История одной любви
Шрифт:
В редакции жизнь шла своим чередом. Каждый день в 18.15 по местному времени в эфире раздавались звуки национального инструмента, открывавшего наши передачи. С девяти утра до шести вечера крутились магнитофоны, приходили и уходили авторы, загоралось и гасло световое табло над дверью дикторской: «ТИШЕ! ЗАПИСЬ!», заполнялись бумагами и вновь пустели редакционные корзины, не стихал шум в аппаратной, где три женщины с помощью ножниц и клея превращали косноязычие в красноречие, созывались летучки, улетали в командировки и возвращались сотрудники, — настольный календарь становился все тоньше.

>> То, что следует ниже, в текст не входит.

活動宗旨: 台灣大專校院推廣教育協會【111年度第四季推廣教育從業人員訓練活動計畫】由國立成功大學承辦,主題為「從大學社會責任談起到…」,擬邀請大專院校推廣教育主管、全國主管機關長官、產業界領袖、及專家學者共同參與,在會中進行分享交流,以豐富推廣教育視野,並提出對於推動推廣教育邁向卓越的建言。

Потянулась моя девятая зима в этих краях.
Кротовы по-прежнему жили в редакционной комнатушке. Кто-то пошутил, что им по совместительству нужно платить ставку сторожа. К Кате привыкли и, кажется, полюбили ее. Она держалась очень скромно, почти незаметно, охотно помогала машинисткам и стала неплохо разбираться в нашей фонотеке. Я подумывал о том, чтобы поручить ей готовить концерты по заявкам.
Кротов в последнее время затих, замкнулся. На летучках он сидел молча, и мысли его блуждали где-то далеко. Он заметно похудел. Я предполагал, что он мало спит, и осторожно расспросил сторожиху, которая всю ночь дежурила в редакции. Она подтвердила мои догадки: Кротов работал на машинке до глубокой ночи.

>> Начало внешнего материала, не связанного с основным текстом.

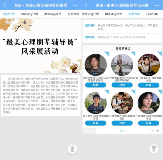 活动共历时五天,总共分为三个部分。首先,各朋辈拍摄军训日常并自制剪辑vlog,附带自我介绍以及军训辅导感悟上交至心理部。其次,易班管理中心进行视频审查工作,并以易班app为平台进行朋辈vlog展示。最后,我院立足于公平公正的原则,于10月12日至10月16日组织学生进行投票。此次活动我院同学积极参与,最后根据得票结果评选出特等奖两名,一等奖三名,二等奖三名,三等奖四名,优胜奖四名,获奖名单附下。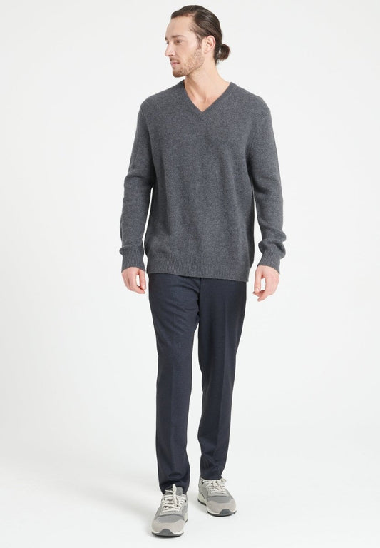 Pull col V cachemire gris anthracite homme - LUKE 1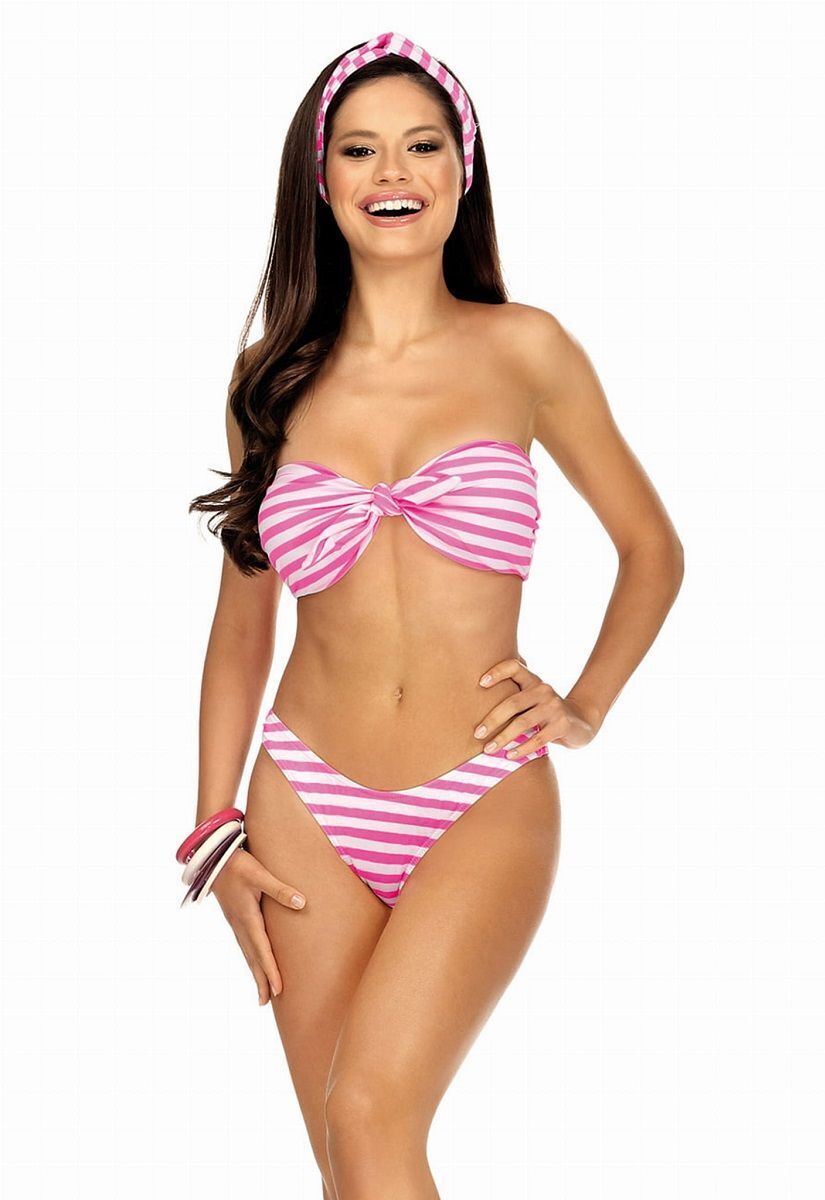 Раздельный комплект бандо от бренда Lorin сочетает стильный дизайн и функциональность. Полосатый принт в нежных розово-белых тонах создаёт летнее настроение, а эргономичный крой гарантирует уверенность в каждой движении.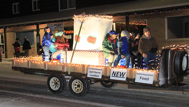 ![]() The Cottonwood American Legion and VFW entry. ![]() The Cottonwood Saddliers 4-H Club not only sponsored the Lighted Christmas Parade but also had a float. ![]() The Tri-Parish Youth Group had a rolling Nativity Scene and sang Christmas Carols during the parade. ![]() Intermountain Feed had a parade entry. ![]() The Clearwater Valley Rodeo Association Royalty in the Parade. ![]() Santa greeted people on his way into Santa's Cabana after getting off the firetruck. ![]() There was a very long line of youngsters with their parents waiting to visit with Santa Claus.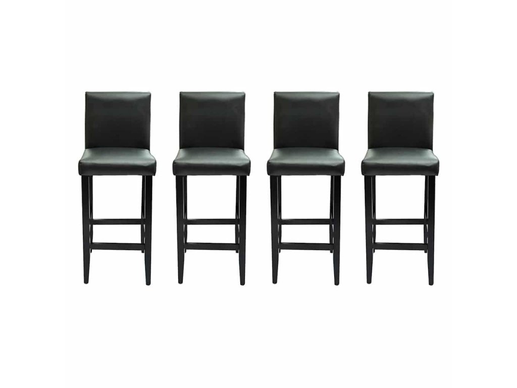 Táto sada 4 barových stoličiek v čiernej farbe má klasický dizajn, ktorý sa bude hodiť do každého moderného bývania. Sedadlo a operadlo stoličky majú poťah s hustou výplňou, a tak prinášajú optimálne pohodlie. Drevené nohy poskytujú potrebnú stabilitu a stoličkám zároveň dodávajú nádych elegancie.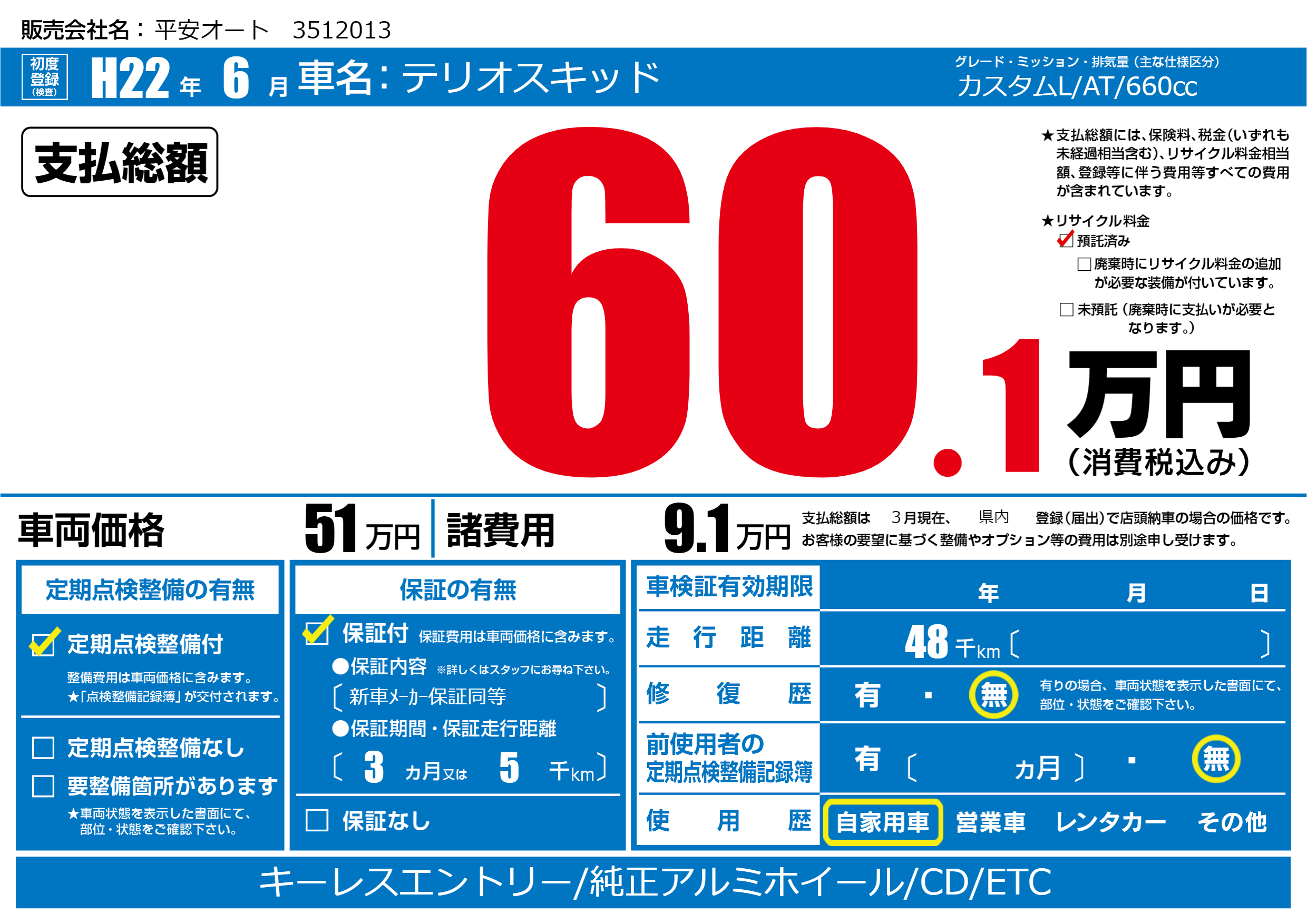 | 走行キロ | 4.8万km | 初年度登録 | H22年6月 |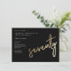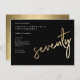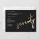 Modern minimalist 70:e födelsedagsfest inbjudan har handskript för snyggt faux guld-folie sjuttio och dina party-detaljer i klassiskt serif-teckensnitt på svart bakgrund färg, enkel och elegant, underbar vuxen, delfödelsedagsinbjudning för manar och kvinnor. Den svarta bakgrunden färg kan ändras till valfritt färg.

История с крестиком не получила дальнейшей огласки, и я стал по-иному посматривать па Ивана Ивановича Суворова. Он с наступлением зимы заболел (рецидив застарелого радикулита) и уже долгое время находился на бюллетене. Другие сотрудники принимали Кротова как нечто неизбежное. Отношение к нему было прохладным и настороженным. Кротов умел создавать вокруг себя какой-то вакуум, безвоздушное пространство, в котором гибли доброжелательность и участие.
Из командировки Кротов привез хорошие магнитофонные записи. Я дал распоряжение техникам передать ему для постоянной работы магнитофон «Репортер-5», новейшую модель. Он умело им пользовался. Теперь в каждом выпуске звучали живые голоса (интервью, короткие беседы, репортажи). Я пытался усмотреть в них поверхностность, но придраться было нелегко. Странное дело, он трудно уживался с людьми в стенах редакции и быстро, цепко, без видимых усилий находил общий язык с авторами.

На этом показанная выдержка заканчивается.